• **What is needed**: Retype exactly every line from the one that includes "이전에 배운 자료구조들의 시간 복잡도를 표로 나타낸 것이다." through the final line of the listing, both ends kept, and omit the pictures.

* * * * *

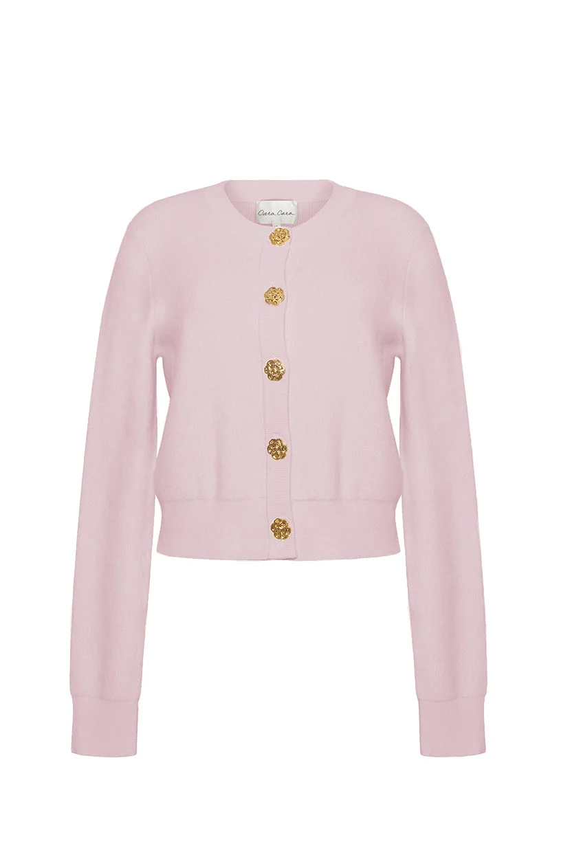 • Crewneck fitted long-sleeve cardigan with novelty gold floral buttons This garment is special and might stretch over time if hung. To preserve its shape, we recommend taking extra care and folding. Details • 70% Wool 30% Cashmere • Dry Clean Only or Hand Wash Cold • Made in China
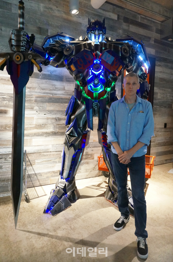 팀 필즈 카밤 스튜디오 창업자 겸 최고경영자(CEO)가 옵티머스 프라임 앞에서 포즈를 취하고 있다. 사진 김혜미 기자 |
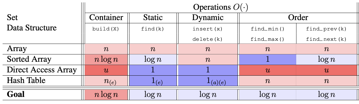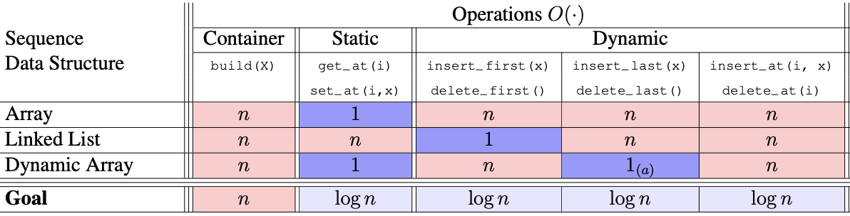 이전에 배운 자료구조들의 시간 복잡도를 표로 나타낸 것이다.
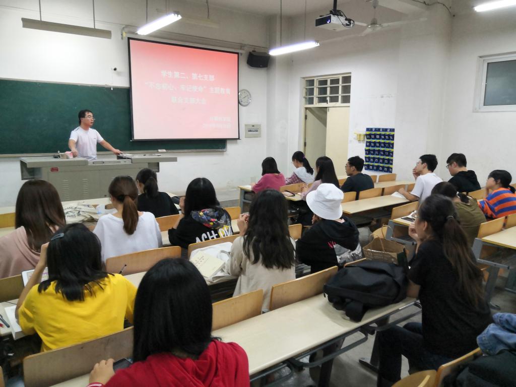 9月26日晚8:00,计算机学院学生第二、第七党支部在教3-209联合开展“不忘初心、牢记使命”主题教育,活动由第党七支部书记董元浩同志主持。
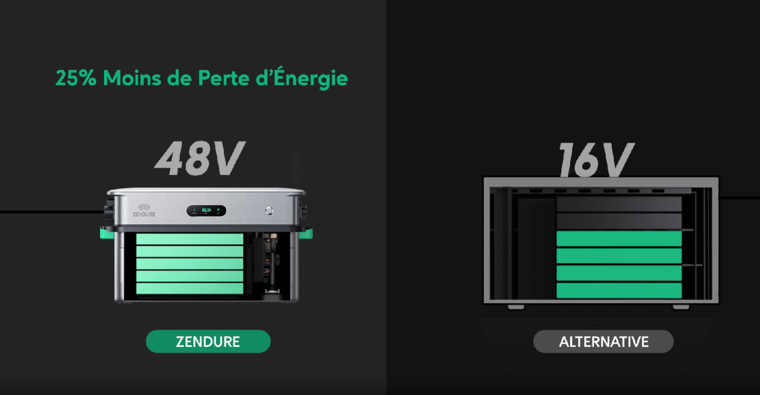 Le SolarFlow 2400 AC est équipé d’une batterie 48 V, réduisant les pertes d’énergie de 25 % par rapport à un système de batterie de 16 V. Économiser sur votre consommation d’énergie n’a jamais été aussi simple.
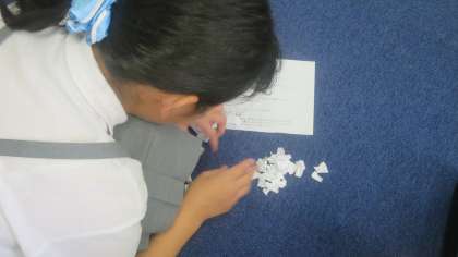ゲストティーチャーを迎え、6年生にストレスマネジメントの授業が行われました。ストレスマネジメントとは怒りのコントロールを上手に行い、イライラやうまくいかないときの心の使い方を学ぶことです。子どもたちは先生の話に耳を傾けてうなずいたり、進んで友だと意見交換したりしていました。イライラを抑える一つの方法として、「嫌なことや不安、イライラを紙に書いて小さくちぎってみる」というのを教えてもらいました。子どもたちも実際にやってみました。さて効果はどうだったのでしょうか。
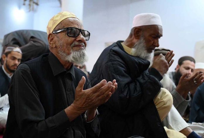 PESHAWAR: February 20 - Faithfuls offering dua during first Jumma-tul-Mubarak prayer at historic Sunehri masjid during the Holy fasting month of Ramzanul Mubarak. APP/SYR/MAF/FHA
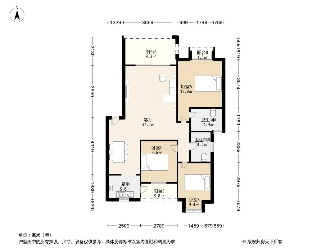 户型齐全,主打明卫,双阳台三居
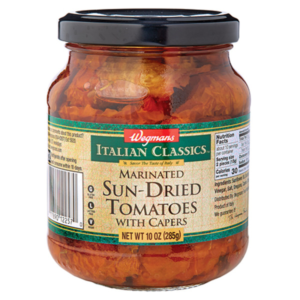 - The manufacturer of Marinated Sun-Dried Tomatoes with Capers is Wegmans.
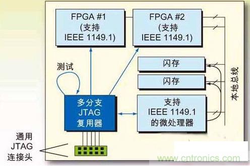 在每塊電路板上添加一個(gè)策略性IC器件-JTAG復(fù)用器件,目的是去除電路板上的多個(gè)1149.1接頭并管理多個(gè)JTAG通路。這個(gè)JTAG復(fù)用器件所占用的電路板空間通常比一個(gè)JTAG接頭還小,但卻簡化了元件的隔離,也簡化了提高接入效率所需掃描路徑的組織。
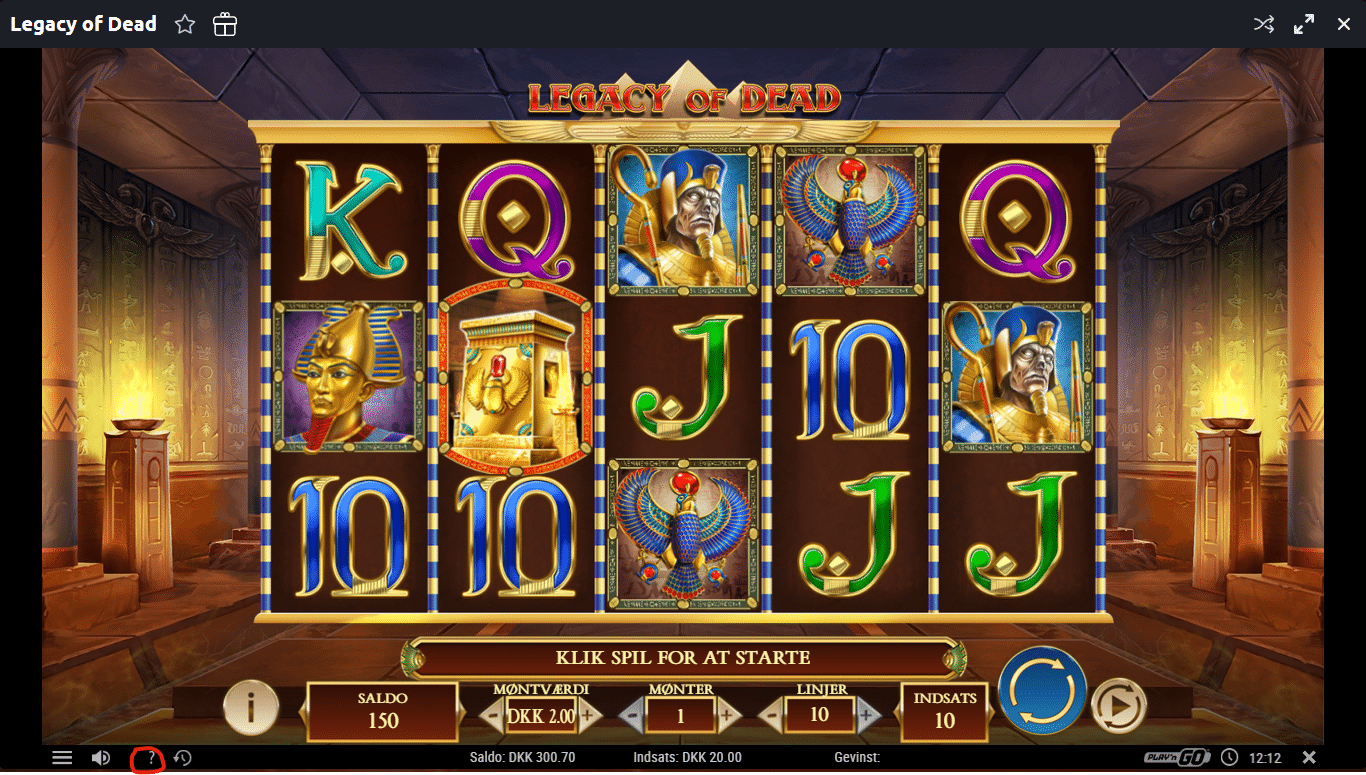 Det er fælles for alle Play´n GO maskiner, at du i bundlinjen blot klikker på spørgsmålstegnet også vil du komme ind på en side hvor du kan finde RTP, som oftest vil blive listet som tilbagebetalingsprocent som er 1:1 det samme. Langt de fleste casinoer i Danmark har Legacy of Dead med 94,5%, men hos Betano er de helt oppe på 96,58% hvilket er det højest mulige på netop denne slot.

* * * * *

• **Task result**:
 이전에 배운 자료구조들의 시간 복잡도를 표로 나타낸 것이다.
 9月26日晚8:00,计算机学院学生第二、第七党支部在教3-209联合开展“不忘初心、牢记使命”主题教育,活动由第党七支部书记董元浩同志主持。
 Le SolarFlow 2400 AC est équipé d’une batterie 48 V, réduisant les pertes d’énergie de 25 % par rapport à un système de batterie de 16 V. Économiser sur votre consommation d’énergie n’a jamais été aussi simple.
ゲストティーチャーを迎え、6年生にストレスマネジメントの授業が行われました。ストレスマネジメントとは怒りのコントロールを上手に行い、イライラやうまくいかないときの心の使い方を学ぶことです。子どもたちは先生の話に耳を傾けてうなずいたり、進んで友だと意見交換したりしていました。イライラを抑える一つの方法として、「嫌なことや不安、イライラを紙に書いて小さくちぎってみる」というのを教えてもらいました。子どもたちも実際にやってみました。さて効果はどうだったのでしょうか。
 PESHAWAR: February 20 - Faithfuls offering dua during first Jumma-tul-Mubarak prayer at historic Sunehri masjid during the Holy fasting month of Ramzanul Mubarak. APP/SYR/MAF/FHA
 户型齐全,主打明卫,双阳台三居
 - The manufacturer of Marinated Sun-Dried Tomatoes with Capers is Wegmans.
 在每塊電路板上添加一個(gè)策略性IC器件-JTAG復(fù)用器件,目的是去除電路板上的多個(gè)1149.1接頭并管理多個(gè)JTAG通路。這個(gè)JTAG復(fù)用器件所占用的電路板空間通常比一個(gè)JTAG接頭還小,但卻簡化了元件的隔離,也簡化了提高接入效率所需掃描路徑的組織。
 Det er fælles for alle Play´n GO maskiner, at du i bundlinjen blot klikker på spørgsmålstegnet også vil du komme ind på en side hvor du kan finde RTP, som oftest vil blive listet som tilbagebetalingsprocent som er 1:1 det samme. Langt de fleste casinoer i Danmark har Legacy of Dead med 94,5%, men hos Betano er de helt oppe på 96,58% hvilket er det højest mulige på netop denne slot.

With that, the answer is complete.